These are well-liked decisions for quantization (making knowledge smaller) in instruments like Meta’s FAISS and Unum’s USearch. Half-precision is fairly useful, working properly more often than not. However utilizing integers? That depends upon the AI mannequin you’re utilizing. Due to Quantization Aware Training, two of my faves — Microsoft’s E5 for simply textual content and Unum’s UForm for multi-modal knowledge — work properly even compressed to 8-bit numbers.


After getting our vectors arrange, I used our cosine_distance operate to see how related the three arrays are:

  • floats: 349 µs ± 5.71 µs per loop.
  • halfs: 525 µs ± 9.69 µs per loop.
  • ints: 2.31 ms ± 26 µs per loop.

However right here’s the issue. As an alternative of getting quicker, issues went 35x slower than our 65.3 µs place to begin. Why?
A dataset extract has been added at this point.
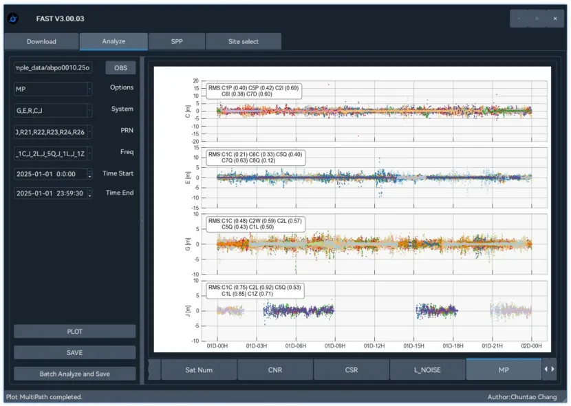 可对 GNSS 数据进行全面质量评估,支持多GNSS系统多频点的RINEX2.x/3.x的观测数据,用户只需输入文件,界面选择对应选项即可分析卫星观测数量、伪距与载波相位噪声、周跳比以及电离层延迟变化率等信息,软件进行交互式可视化分析。
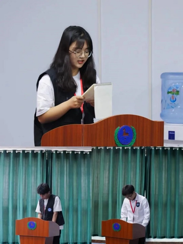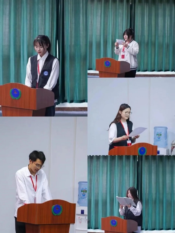 摄影技术部部长张莉萍、编辑运营部部长程扬扬、策划文案部部长吕珍羽、微博运营部部长朱豆豆、办公室部长黄俊阳依次上台汇报本学期工作情况,汇报内容围绕工作总结、经验分享、未来工作计划等内容展开。

  1. Reminiscence Administration: Certain, NumPy makes use of C arrays, that are cool. However each time we loop by them, we flip small byte stuff into larger Python stuff. And with reminiscence being unpredictable, it’s stunning issues didn’t go even slower.

  2. Half-Precision Help: Most new units help half-precision. However the software program facet? Not a lot. Just a few AI instruments use it, they usually typically concentrate on GPU stuff, leaving out the CPU. So, changing half-precision issues on the go will be gradual.

  3. Integer Overflows: Doing math with our tiny integers isn’t clean. We hold getting these annoying overflow warnings. The CPU spends extra time checking issues than really doing the maths. We regularly see issues like: “RuntimeWarning: overflow encountered in scalar multiply”.

Right here’s a tip: When you’re utilizing NumPy, go all in. Mixing it with common Python can actually gradual you down!

SciPy

NumPy can also be the muse of the SciPy library, which supplies many useful capabilities for scientific computing, together with the scipy.distance.spatial.cosine. It would use the native NumPy operations for as a lot as attainable.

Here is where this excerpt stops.